Etiquette scolaire ou sticker de son groupe préféré, tout le monde a déjà eu entre les mains un autocollant ! A tout âge il est amusant de coller une image, un texte, sur un mur ou un objet. Diffuser un message par voie adhésive est rapide et peu coûteux. J’aborde ici l’histoire du sticker !

Table des matières

1 - Origine de l' autocollant

1940 entreprise Avery Dennison fabrique des stickers

L’histoire du sticker prend sa source en 1935 aux USA. Richard Stanton Avery crée une machine polyvalente qui fabrique et découpe des étiquettes adhésives. C’est la naissance de l’autocollant.

Les décennies suivantes voient l’amélioration du procédé permettant ainsi une meilleure vitesse de production. A partir de cette période, l’histoire du sticker se développe véritablement.

Dans les années 60 et 70, l’usage de l’autocollant s’emploie pour l’étiquetage d’objets industriels et les notices d’instruction.

2 - Communiquer par image adhésive

Puis, l’autocollant sert de support de communication et de propagande pour les partis politiques et divers militants car c’est un moyen économique de répandre ses idées.

Par ailleurs, le sticker est également utilisé à des fins publicitaires par de célèbres marques telles que Coca-Cola, pour diffuser leur logo afin d’augmenter efficacement leur visibilité.

Ainsi, le sticker succède rapidement aux décalcomanies et devient un mode de communication artistique dans les années 80.

Il se développe chez les skateurs et les punks américains, envahissant le dessous des skateboards.

L’étudiant en art Frank Shepard Fairey de la Rhode Island School of Design développe en 1989 la première image virale sous forme d’autocollant.

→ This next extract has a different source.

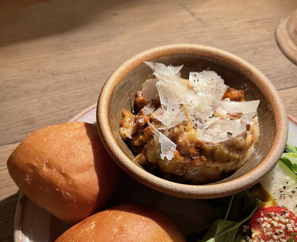 ラザニアのソースにたっぷり入った粗びき肉がジューシーです。ぜひ焼きたてアツアツを召し上がれ!

Celui-ci représente le lutteur français André Roussimoff alias André le Géant (2,24 m) accompagné de la phrase “André the Giant has a posse”. ( “André le Géant a une bande de potes”).

premier autocollant andre the giant
Fairey passe l’été complet à placarder ce sticker dans les rues de Providence (Rhode Island – USA). C’est au tour de ses amis ainsi que d’autres street-artistes de se relayer pour le coller dans l’espace public des villes avoisinantes.

3 - Un développement viral

En 1998, la société Titan Sports ( renommée plus tard World Wrestling Entertainment – WWE ) menace de poursuites Shepard Fairey pour avoir utilisé la marque déposée André The Giant.

A cette époque également, Fairey fonde une marque de vêtements streetwear qui rencontre un vif succès dans la communauté skateboard. Il modifie les traits du lutteur André le Géant pour changer le logo de sa marque et transforme le nom en Obey Giant.

En conséquence, cette image virale devient un véritable emblème qui se répand au-delà d’une impression textile. Elle sera déclinée en adhésifs ou pochoirs, placardés sur des surfaces publiques ( murs et autres arrêts de bus ).

Le terme “obey” à traduire par “obéis” provient du film Invasion Los Angeles de John Carpenter ( en version originale They Live – 1988 ).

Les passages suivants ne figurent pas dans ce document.